Insights into ROL-driven and ROS-mediated metalloid oxidation and sequestration in the soil-rice iron barrier system.

This study investigated how reactive oxygen species (ROS) mediated by radial oxygen loss (ROL) function in arsenic (As) remediation through soil-rice iron barriers. Using high- and low-ROL rice varieties combined with zero-valent iron (ZVI) and steel slag amendments, As transformation pathways at soil-root interfaces were examined. ZVI increased soil amorphous Fe content by 22.8 %-49.3 % and iron plaque Fe by 59.9 %, while steel slag increased iron plaque weakly crystalline Fe by 62.4 %. Despite higher ROL, minimal As(III) oxidation occurred in rhizosphere compared to bulk soil due to counteracting effects of Fe(III)-reducing bacterial activity. However, substantial oxidation occurred on root surfaces, with As(V)/total As proportion reaching 59.3 %-74.3 %, attributed to hydroxyl radical accumulation driven by iron plaque thickening and amorphous Fe enrichment.
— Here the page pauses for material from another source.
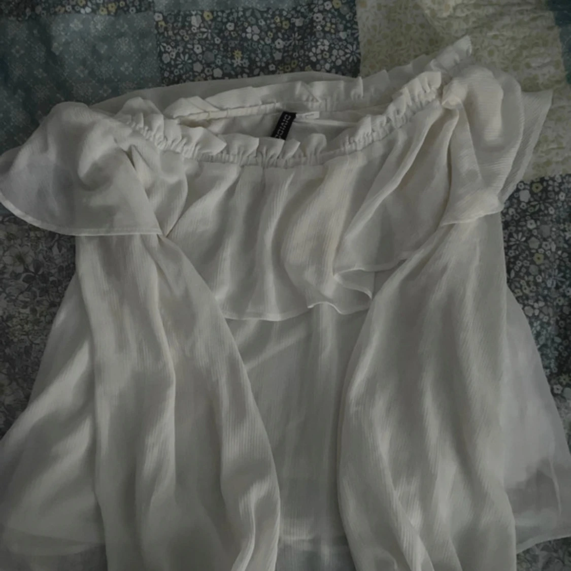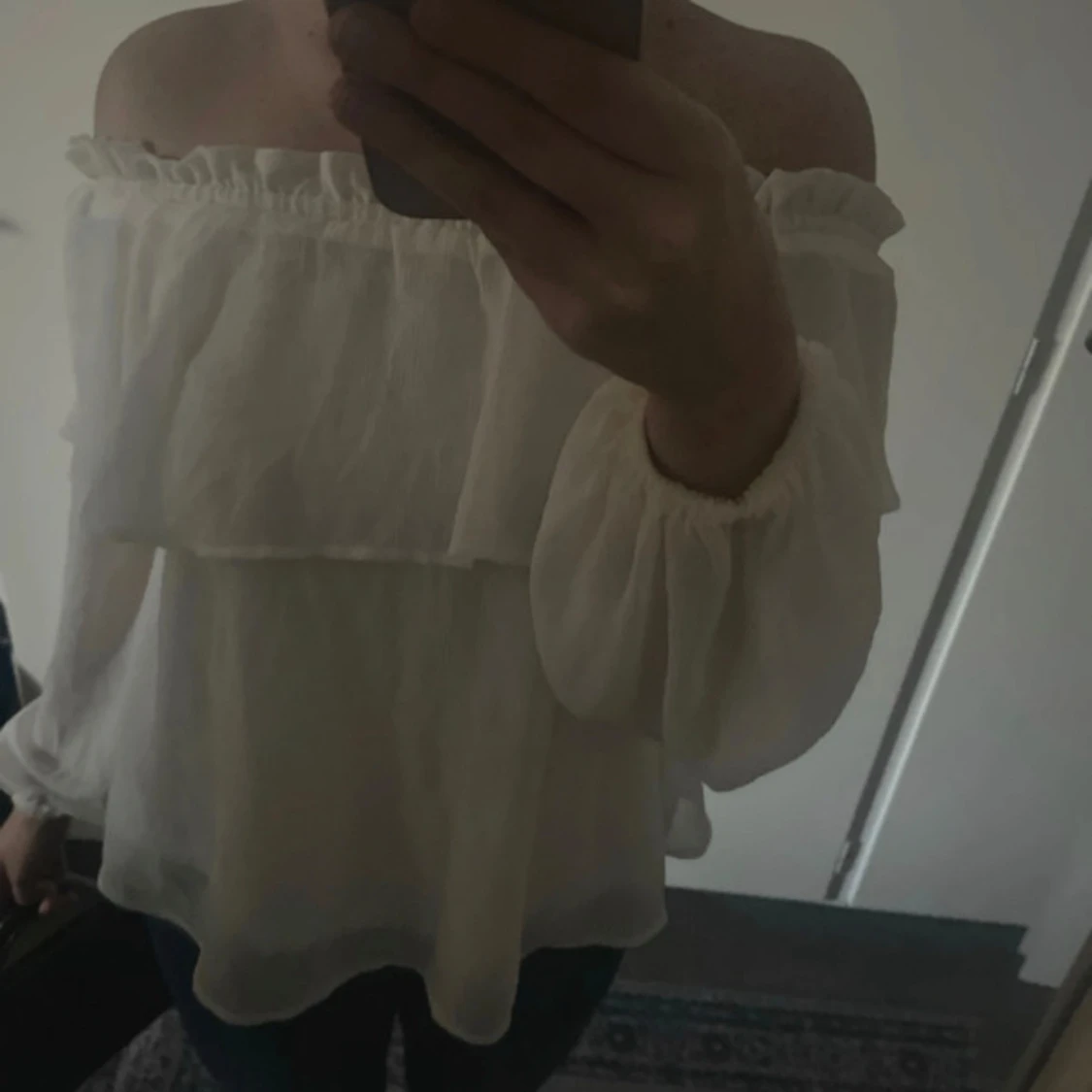 As snygg och söt vit offshoulder blus med volangdetaljer. Perfekt för en somrig/vår look💕🌸

In situ visualization using ROS-capturing membranes confirmed strong ROS accumulation specifically at root surfaces with negligible signals in surrounding soil. Path analysis established a positive relationship between hydroxyl radical production and As(V) proportion at iron plaque interfaces (path coefficient = 0.74, p < 0.01), which indirectly reduced grain inorganic As. These findings elucidate the critical role of localized ROS processes in As immobilization and provide a mechanistic foundation for developing effective rhizosphere-targeted remediation strategies in contaminated paddy systems.